=== Begin Enclosure ===

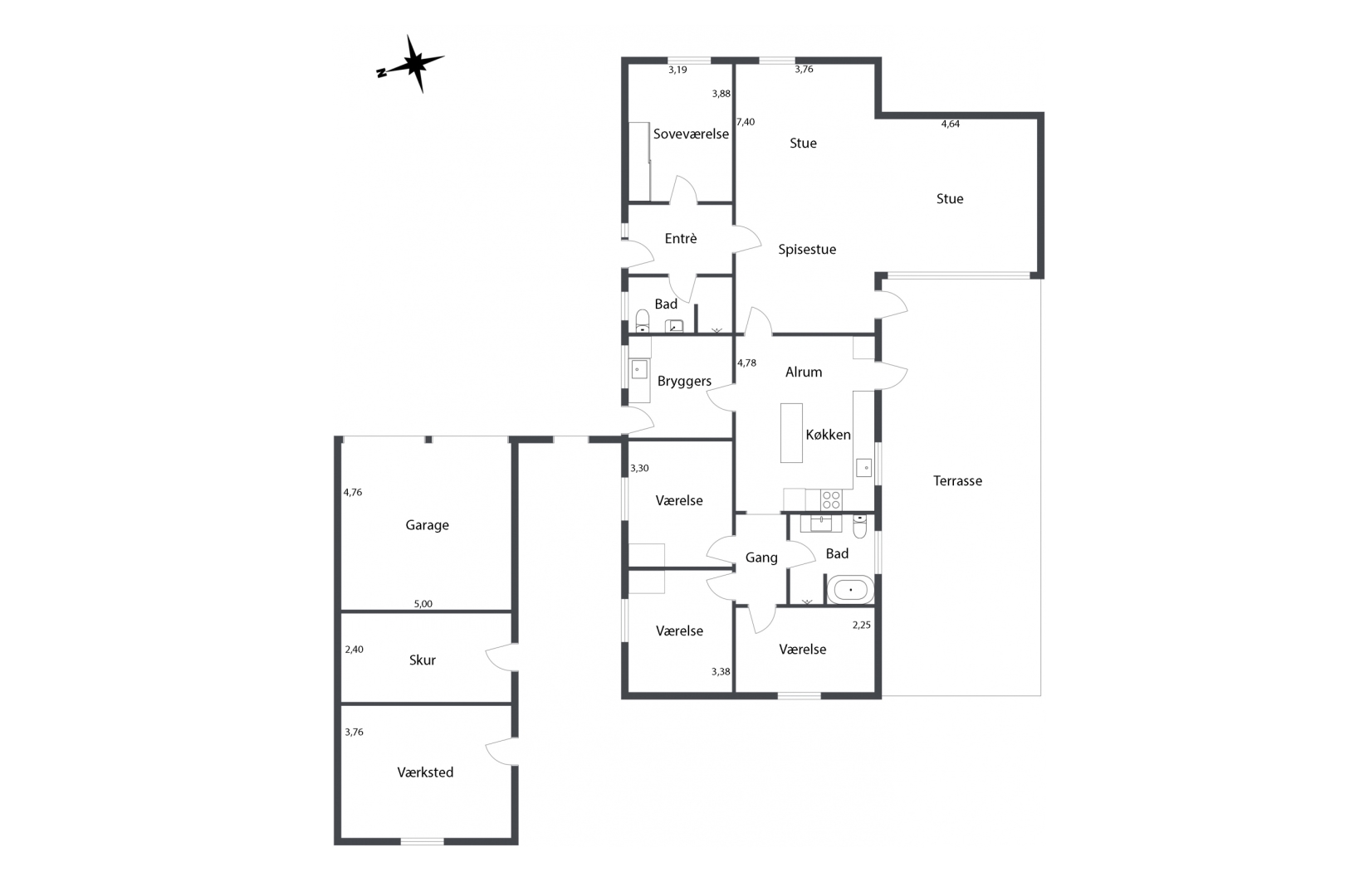 66 m² muret bygning med dobbelt garage og 2 gode separate rum med flere anvendelsesmuligheder.
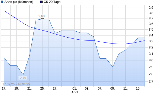 Mit dem Anstieg auf 3,26 EUR hat die ASOS-Aktie am 15.04.2025 die 20-Tage-Linie nach oben gekreuzt.
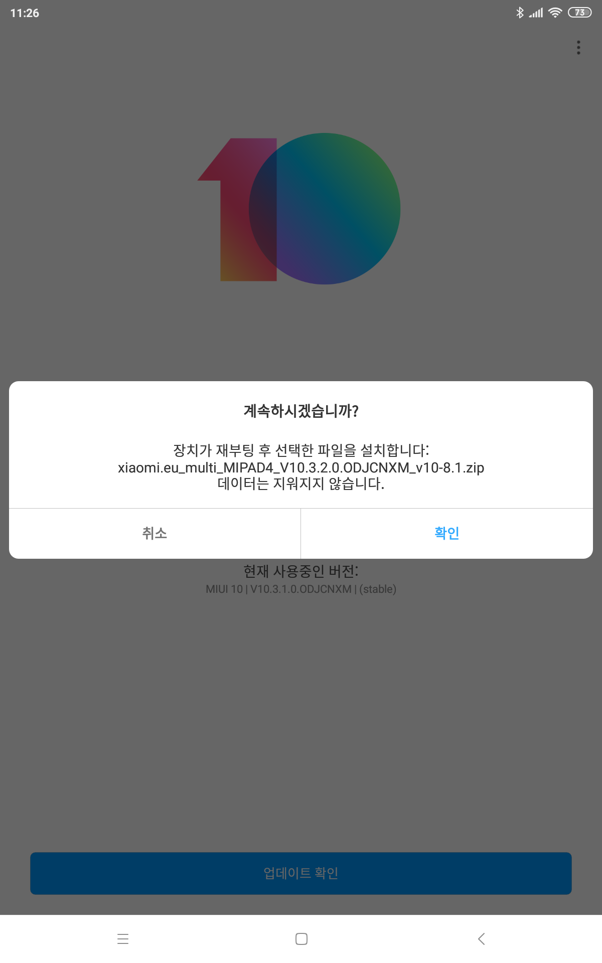 샤오미 스마트패드 미패드4P EU롬 정상적으로 업데이트 되었습니다.
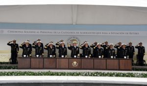 México, 4 de julio.- En una ceremonia solemne realizada en las instalaciones de la Secretaría de Marina, 14 elementos de la Armada de México de la categoría de Almirantes pasaron a situación de retiro por edad límite, tras servir a la nación por más de cuatro décadas a México.
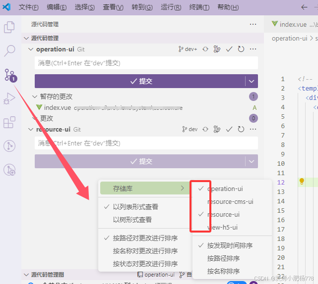 点击左侧图标打开源代码管理栏,在空白处鼠标右键,可以选择需要展示的存储库
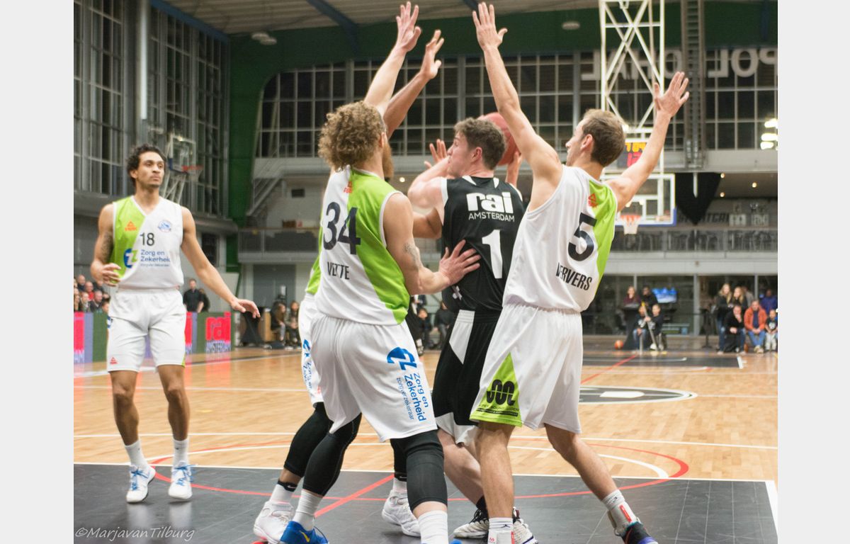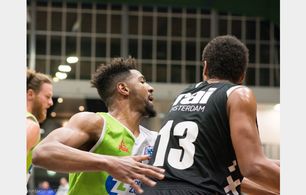 Misschien wat overmoedig begon Zorg en Zekerheid Leiden, dat nog geen 24 uur eerder uit Roemenië was teruggekeerd, aan het duel. Gesteund door een grote schare fans die de reis naar Amsterdam hadden ondernomen. Zij keken verbaasd op dat het na twee minuten spelen 8-0 voor Apollo stond. Clayton Vette en Worthy de Jong waren vervolgens actief voor de Leidse ploeg. Even plaatste Zorg en Zekerheid Leiden een 8-0 run met onder meer een dunk van Darius Thompson over Berend Weijs heen: 13-17. Dunken kan Weijs natuurlijk ook en dat zou hij maar liefst vier keer doen. Hij bracht zijn ploeg nog terug tot 18-18, maar het eindschot was voor Marijn Ververs en een dunk van Mohamed Kherrazi: 18-24. In de laatste aanval ging Dimeo van der Horst door zijn enkel en kon niet meer verder spelen. Zo bleven er voor de coaches Patrick Faijdherbe en zijn assistent Rogier Jansen nog zes spelers over. Dezelfde zes die zondag naar de Vijf Meihal moeten, aldus Faijdherbe.

=== End Enclosure ===

## What this task involves
Your answer should contain only the lines from the beginning of the listing above through the line with "샤오미 스마트패드 미패드4P EU롬 정상적으로 업데이트 되었습니다.", copied exactly and without the pictures.

## Written answer
 66 m² muret bygning med dobbelt garage og 2 gode separate rum med flere anvendelsesmuligheder.
 Mit dem Anstieg auf 3,26 EUR hat die ASOS-Aktie am 15.04.2025 die 20-Tage-Linie nach oben gekreuzt.
 샤오미 스마트패드 미패드4P EU롬 정상적으로 업데이트 되었습니다.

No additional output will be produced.